(INFORMATION SUPPLIED Opens)

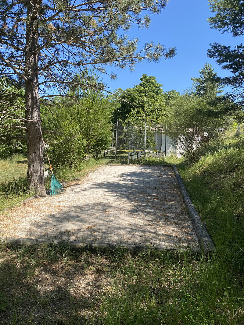 De trampoline staat naast het petanqueterrein en is toegankelijk voor kinderen tot 10 jaar.
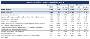 Das aberturas do varejo ampliado (tabela 1), sugere-se que o desempenho marginal positivo foi bastante concentrado, destacando os avanços de combustíveis, “outros artigos de uso pessoal”, automóveis e, em menor intensidade, materiais de construção. Importante segmentos, como vestuário e eletrodomésticos, seguem em contração. Note-se, também, que a revisão das séries históricas muda a interpretação dos dados durante o trimestre. Se olharmos para agosto (tabela 2), a contração marginal do varejo ampliado se mostrou menor no agregado, ainda que sem marcantes diferenças nas suas entranhas.
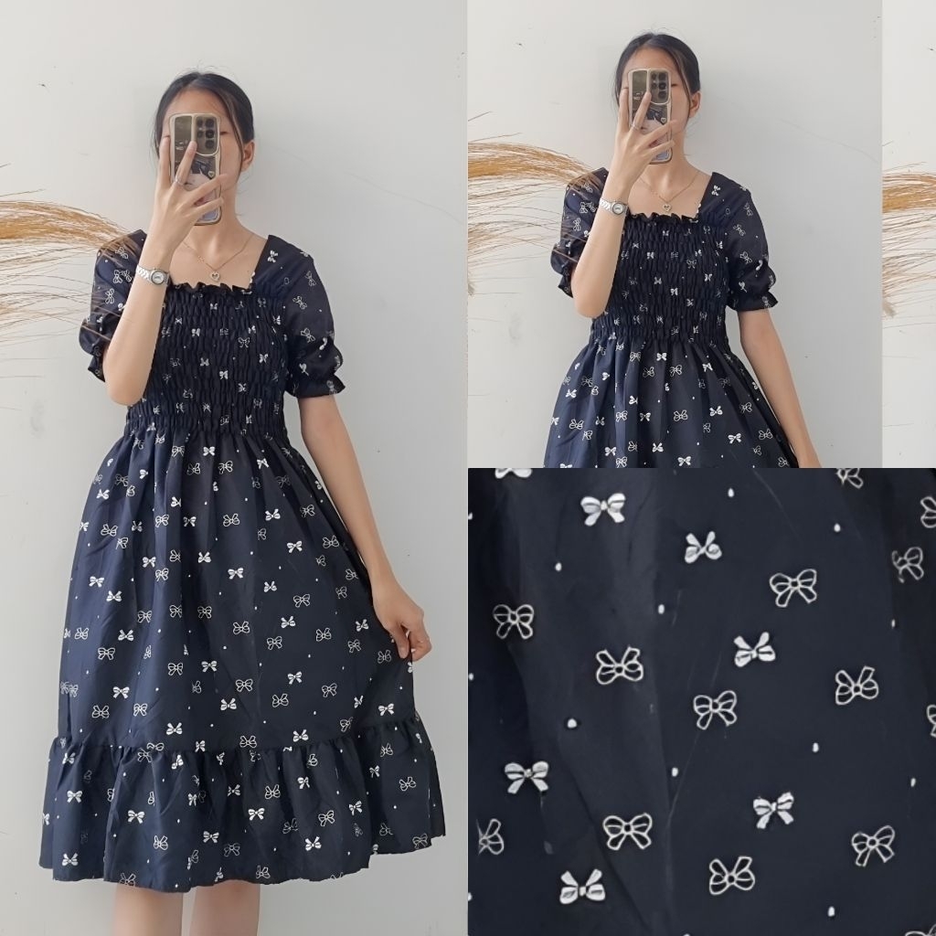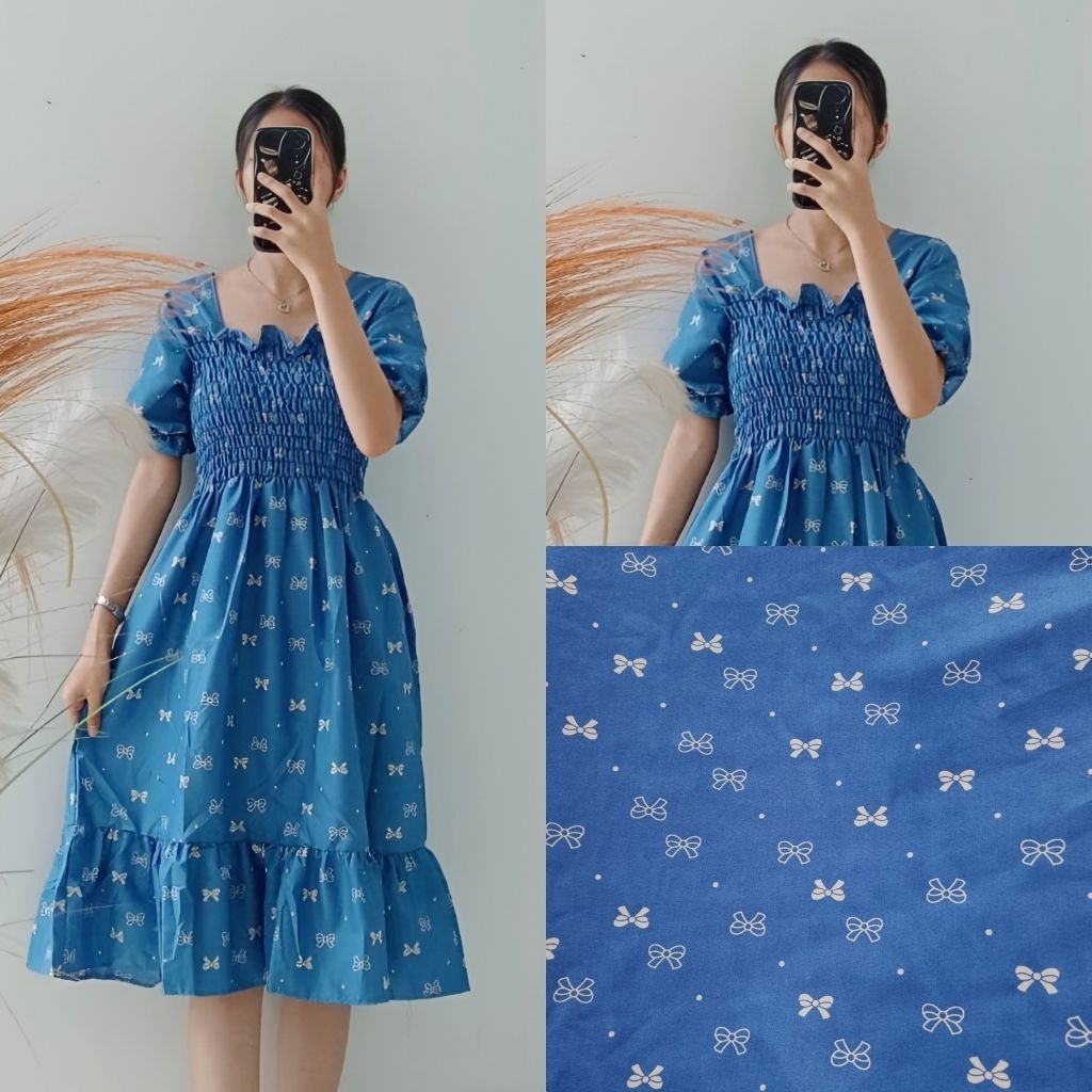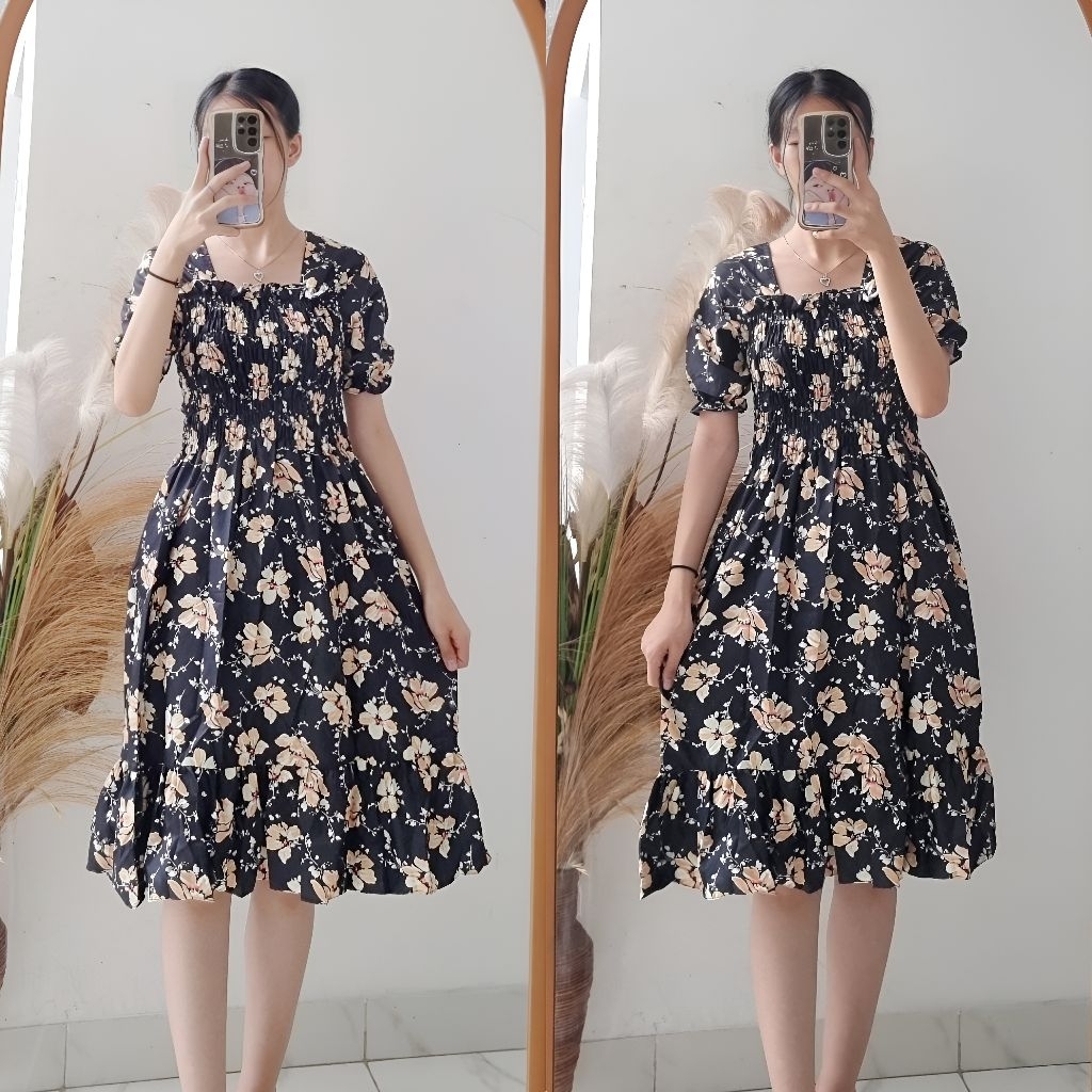 Gaun Kasual Bunga-Bunga Katun GG-Smocked Dress

(INFORMATION SUPPLIED Closes)

PROBLEM REQUIREMENTS ▸
Return each line above exactly; any pictures are to be skipped.

EXERCISE OUTPUT ▸
 De trampoline staat naast het petanqueterrein en is toegankelijk voor kinderen tot 10 jaar.
 Das aberturas do varejo ampliado (tabela 1), sugere-se que o desempenho marginal positivo foi bastante concentrado, destacando os avanços de combustíveis, “outros artigos de uso pessoal”, automóveis e, em menor intensidade, materiais de construção. Importante segmentos, como vestuário e eletrodomésticos, seguem em contração. Note-se, também, que a revisão das séries históricas muda a interpretação dos dados durante o trimestre. Se olharmos para agosto (tabela 2), a contração marginal do varejo ampliado se mostrou menor no agregado, ainda que sem marcantes diferenças nas suas entranhas.
 Gaun Kasual Bunga-Bunga Katun GG-Smocked Dress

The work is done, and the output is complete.